Tobacco-suit lawyers to get first checks

By LORI ROZSA
Herald Staff Writer

The ``dream team'' of high-powered trial attorneys who helped Florida win the historic settlement with Big Tobacco a year ago will finally get their first paycheck -- more than $9 million for each of the 11 law firms.

A settlement, at least a temporary one, of the acrimonious fight over money between the state and the lawyers is expected to be announced today in Tallahaseee.

The deal would make the payment of attorney fees subject to arbitration to be held in November. If the lawyers don't like the award the arbitration panel comes up with, they can reject it and go back to court.

They'll get $100 million in ``good faith'' money within the next week. The ultimate amount is undecided. ``I'll know it when I see it,'' Tampa attorney Steven Yerrid said. ``I don't know what it is, but when a reasonable fee is forthcoming, I will know it.''

The original settlement agreement set up a similar method to figure out how much the attorneys would get -- a three-member arbitration panel would decide.

The govenor's office called the proposed 52-page agreement positive and ``mutually satisfying.'' ``We're confident that the lawyers will be well compensated, as they should be,'' said Edie Ousley, a spokeswoman for Gov. Lawton Chiles.

The difference with today's agreement is that lawyers can reject it if they don't like it. The panel will still be made up of three people. One will be chosen by the tobacco industry, one by the lawyers, and the third by both sides.

The trial team wanted the state to pay what it promised in a contract with the lawyers four years ago -- 25 percent all money recovered from the cigarette industry. The tobacco lawsuit was settled Aug. 25, 1997, for $11 billion. The state will get an extra $2 billion thanks to successful lawsuits against the industry in other states.

Gov. Lawton Chiles and others said 25 percent fees were too high. Five of the 11-lawyer team sued to enforce the contract. They were harshly criticized by politicians and others across the nation. Even the judge in the case, Palm Beach County Circuit Judge Harold Cohen, called the potential fees ``unconscionable.''

At least eight of the 11 lawyers had signed the agreement by Wednesday afternoon. Bob Montgomery of West Palm Beach, Sheldon Schlesinger of Fort Lauderdale, and Bob Kerrigan of Pensacola hadn't signed.

Montgomery said he won't sign. He wants the 25 percent that's in the contract.

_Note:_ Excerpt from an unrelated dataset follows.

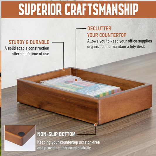 Carpentray Letter Trays & Stacking Supports Acacia Wood Desk Document, File Folder, Magazine Holder Tray (14" x 11" x 2")

That money would be paid out over 25 years.

``This is deja vu all over again,'' he said. ``I signed a contract, it's a legal document made with the chief executive of the state. All the king's horses and all the king's men and the governor and the cabinet ain't gonna change that.''

Montgomery said the issue of whether the trial attorneys should get 25 percent will be before the Florida Supreme Court on Nov. 5.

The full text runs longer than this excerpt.